● The problem:
Within the entries below, please retype exactly the lines starting with the line that has "PAIR OF ROBERT" and going on through the line that has "Стыковые швы на", but not the pictures.

● Data supplied:
=== Section Start ===

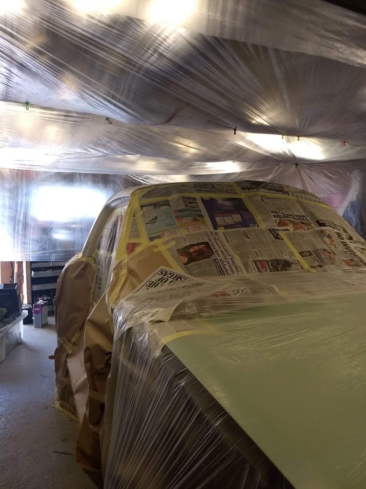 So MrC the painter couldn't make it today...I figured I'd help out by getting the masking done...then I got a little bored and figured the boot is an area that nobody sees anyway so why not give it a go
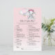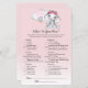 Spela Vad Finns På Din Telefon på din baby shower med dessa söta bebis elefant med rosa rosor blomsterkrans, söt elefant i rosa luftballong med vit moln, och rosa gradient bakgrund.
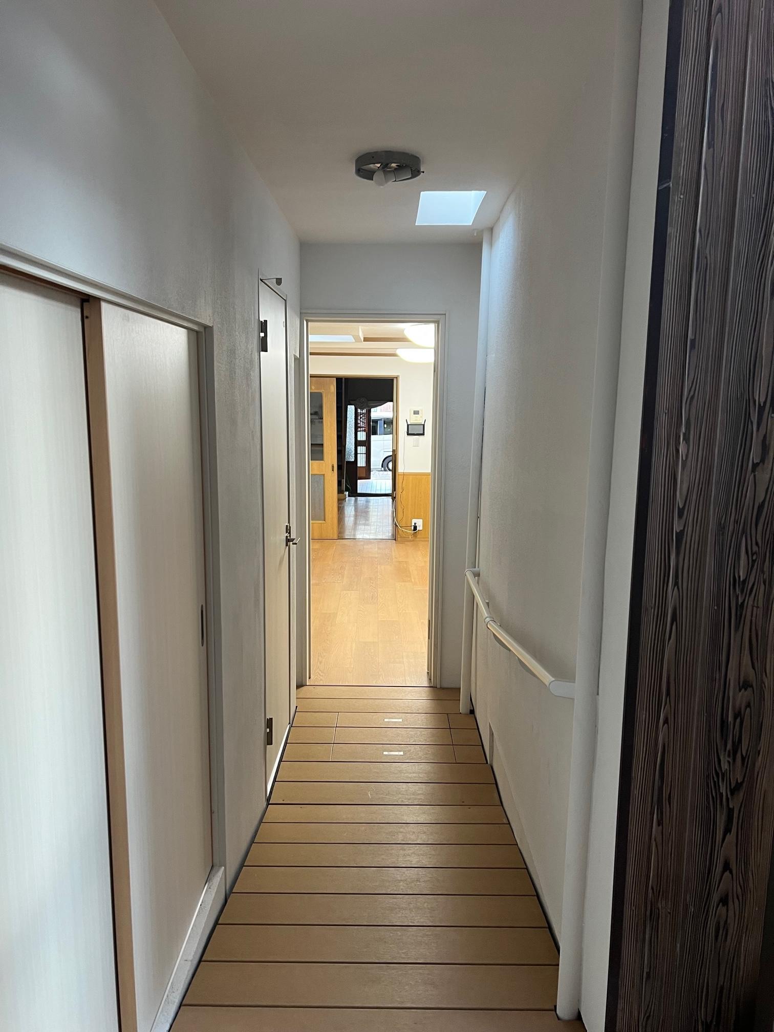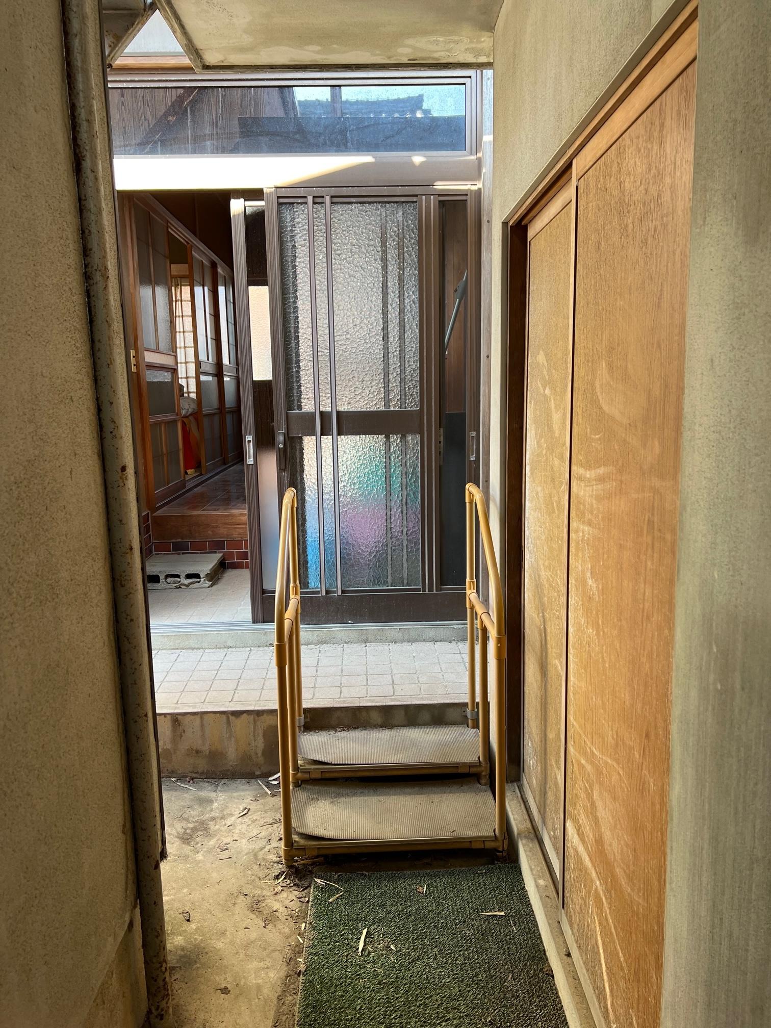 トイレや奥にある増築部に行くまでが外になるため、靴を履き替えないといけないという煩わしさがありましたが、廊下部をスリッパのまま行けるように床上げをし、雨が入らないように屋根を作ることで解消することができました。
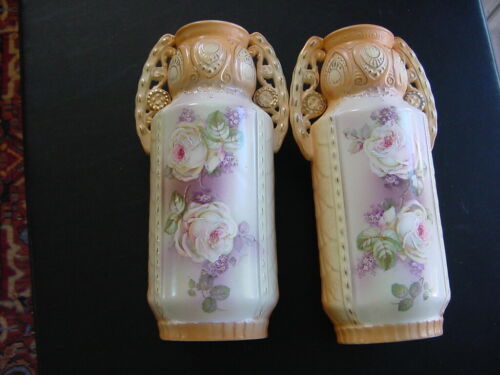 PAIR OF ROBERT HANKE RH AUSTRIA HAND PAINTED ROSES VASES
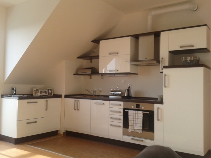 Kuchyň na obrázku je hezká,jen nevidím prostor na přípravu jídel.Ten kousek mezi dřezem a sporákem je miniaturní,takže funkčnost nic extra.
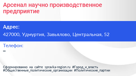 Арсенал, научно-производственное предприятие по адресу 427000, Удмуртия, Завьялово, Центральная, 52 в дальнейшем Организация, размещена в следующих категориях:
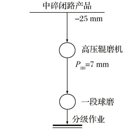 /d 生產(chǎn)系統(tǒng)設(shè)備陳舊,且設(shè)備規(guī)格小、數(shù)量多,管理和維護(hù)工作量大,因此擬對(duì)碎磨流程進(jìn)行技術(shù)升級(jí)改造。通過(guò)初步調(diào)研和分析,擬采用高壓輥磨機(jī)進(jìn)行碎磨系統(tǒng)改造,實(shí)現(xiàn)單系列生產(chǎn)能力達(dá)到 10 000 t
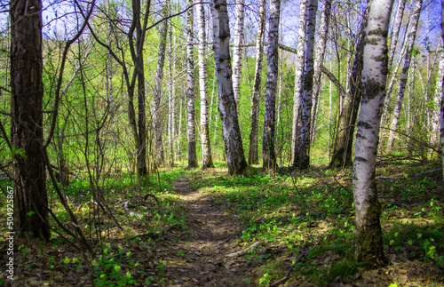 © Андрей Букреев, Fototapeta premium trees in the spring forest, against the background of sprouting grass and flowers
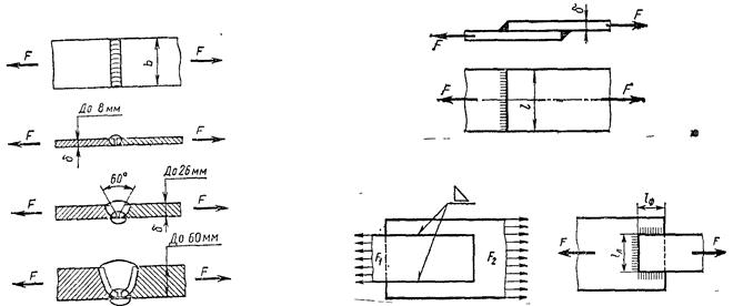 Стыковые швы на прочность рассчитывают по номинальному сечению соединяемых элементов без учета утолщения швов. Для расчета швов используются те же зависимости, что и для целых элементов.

=== Section End ===
=== Section Start ===

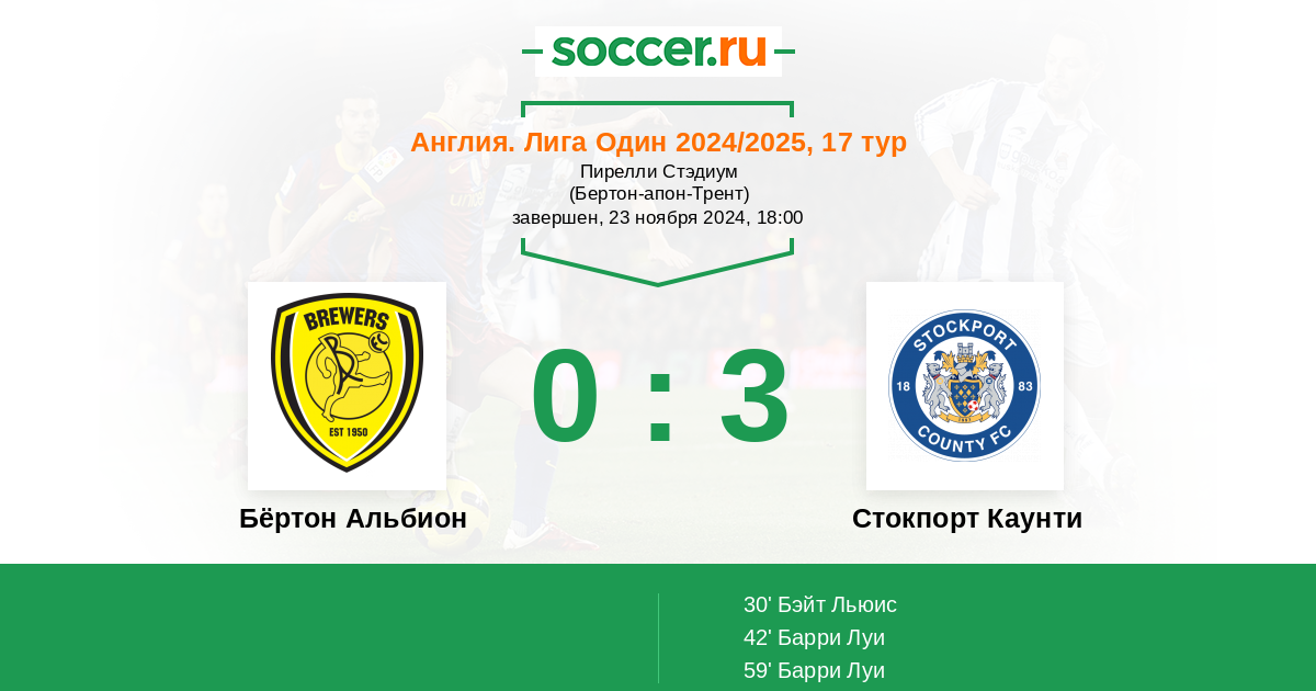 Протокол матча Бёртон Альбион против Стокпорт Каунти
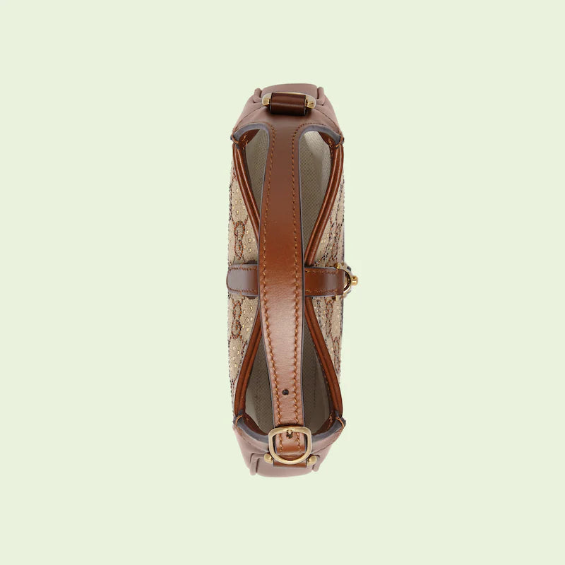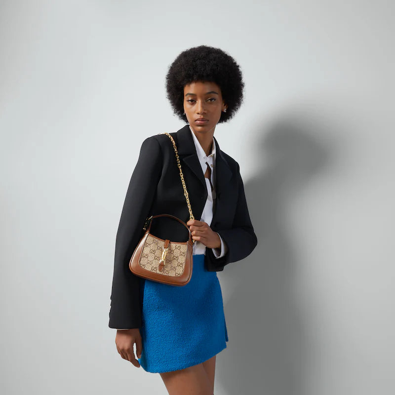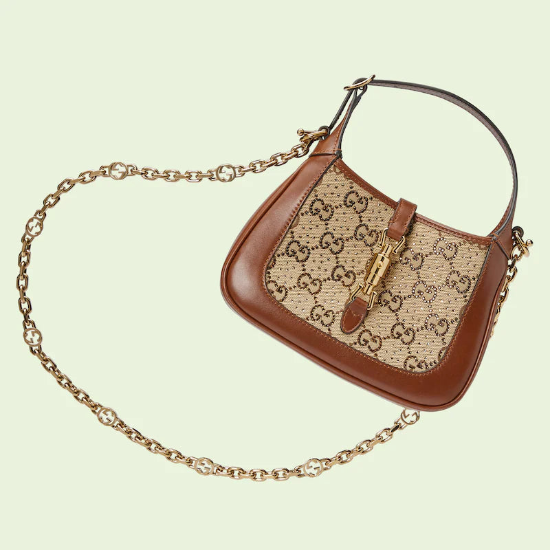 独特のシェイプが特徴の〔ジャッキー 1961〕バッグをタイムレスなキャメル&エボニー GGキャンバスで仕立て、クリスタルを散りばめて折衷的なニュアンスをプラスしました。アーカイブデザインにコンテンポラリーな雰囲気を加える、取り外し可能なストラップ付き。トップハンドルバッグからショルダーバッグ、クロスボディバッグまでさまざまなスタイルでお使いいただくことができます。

=== Section End ===
=== Section Start ===

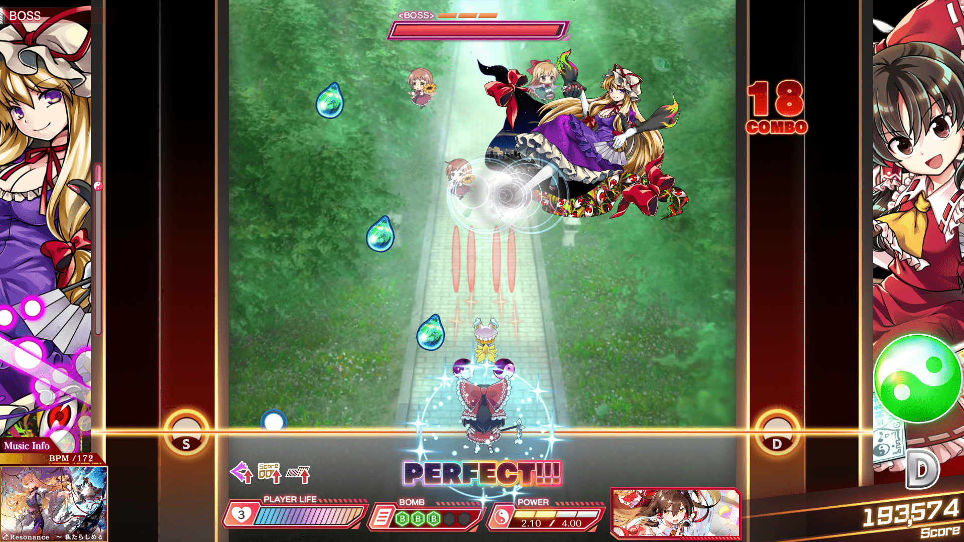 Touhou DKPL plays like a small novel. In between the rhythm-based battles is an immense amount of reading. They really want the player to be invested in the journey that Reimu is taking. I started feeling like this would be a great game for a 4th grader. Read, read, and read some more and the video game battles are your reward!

=== Section End ===

● Task result:
 PAIR OF ROBERT HANKE RH AUSTRIA HAND PAINTED ROSES VASES
 Kuchyň na obrázku je hezká,jen nevidím prostor na přípravu jídel.Ten kousek mezi dřezem a sporákem je miniaturní,takže funkčnost nic extra.
 Арсенал, научно-производственное предприятие по адресу 427000, Удмуртия, Завьялово, Центральная, 52 в дальнейшем Организация, размещена в следующих категориях:
 /d 生產(chǎn)系統(tǒng)設(shè)備陳舊,且設(shè)備規(guī)格小、數(shù)量多,管理和維護(hù)工作量大,因此擬對(duì)碎磨流程進(jìn)行技術(shù)升級(jí)改造。通過(guò)初步調(diào)研和分析,擬采用高壓輥磨機(jī)進(jìn)行碎磨系統(tǒng)改造,實(shí)現(xiàn)單系列生產(chǎn)能力達(dá)到 10 000 t
 © Андрей Букреев, Fototapeta premium trees in the spring forest, against the background of sprouting grass and flowers
 Стыковые швы на прочность рассчитывают по номинальному сечению соединяемых элементов без учета утолщения швов. Для расчета швов используются те же зависимости, что и для целых элементов.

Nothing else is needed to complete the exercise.